Он все пытался заглянуть в глаза мальчишке, но Брига отводил взгляд, показывая всем своим видом: «Будет так, как я сказал, потому что я так сказал. И нечего болтать попусту».
С той минуты, как в доме, где в эту ночь никто так и не уснул, появился Беня, Брига не проронил ни слова. Он даже позы не изменил: так и стоял, прислонившись к косяку, и напряженно наблюдал, как суетится Беня, засовывая свои вещи в рюкзак. Алексею Игоревичу вдруг показалось, что Брига стал выше ростом, будто эта ночь сделала его старше.

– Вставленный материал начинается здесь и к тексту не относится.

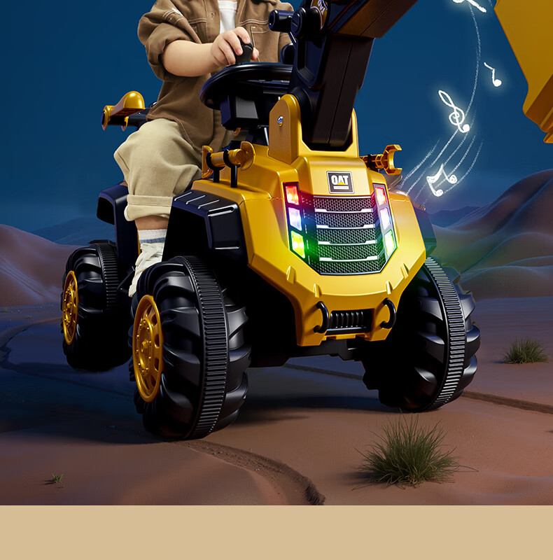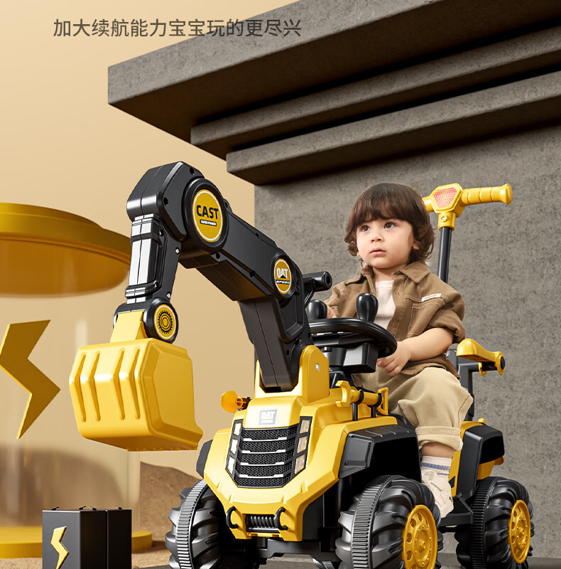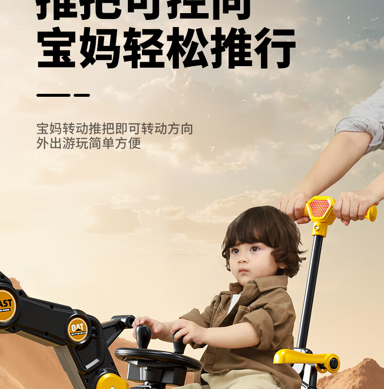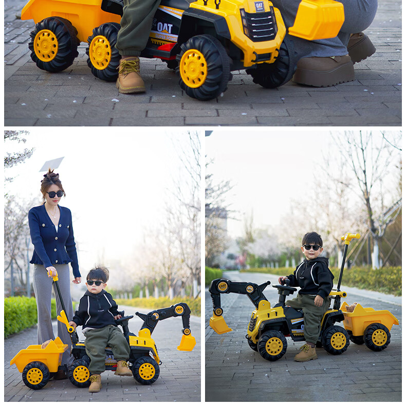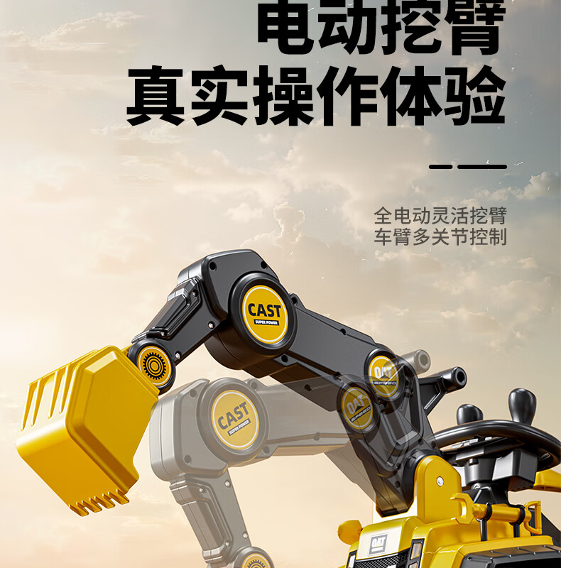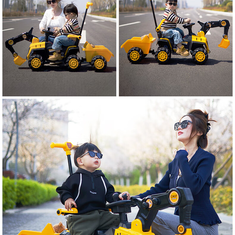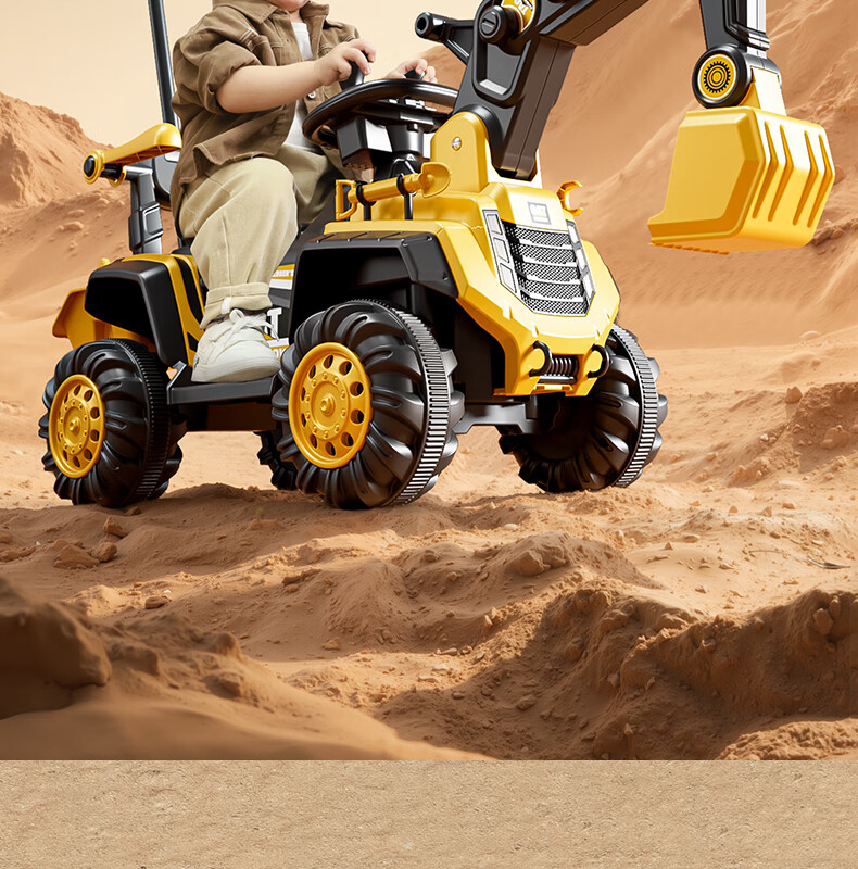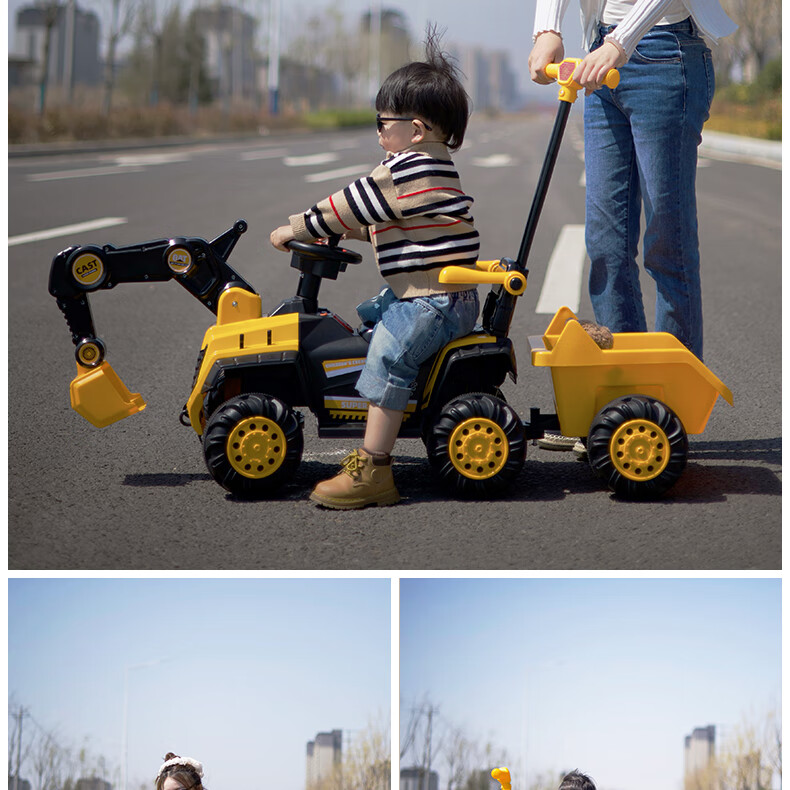 Yuezhan Kyoto children's excavator can sit on a person's remote control electric car baby excavator can ride and dig large engineering vehicle excavator yellow dual-drive remote control model electric digging arm + music + tow bucket + steering push handle + gift bag

Точно все детское, что жило в нем до сей поры, стерлось, резче и злее проступили скулы, а у губ залегла характерная горькая складка. Такая обычно появляется у людей, мало улыбающихся, но умеющих скрывать свое понимание мира за усмешкой, которую многие считают высокомерной. Алексею Игоревичу подумалось, что это несомненный признак силы — вот так взять да и спрятать душу за еле заметным движением губ. Но к добру или к худу эта сила?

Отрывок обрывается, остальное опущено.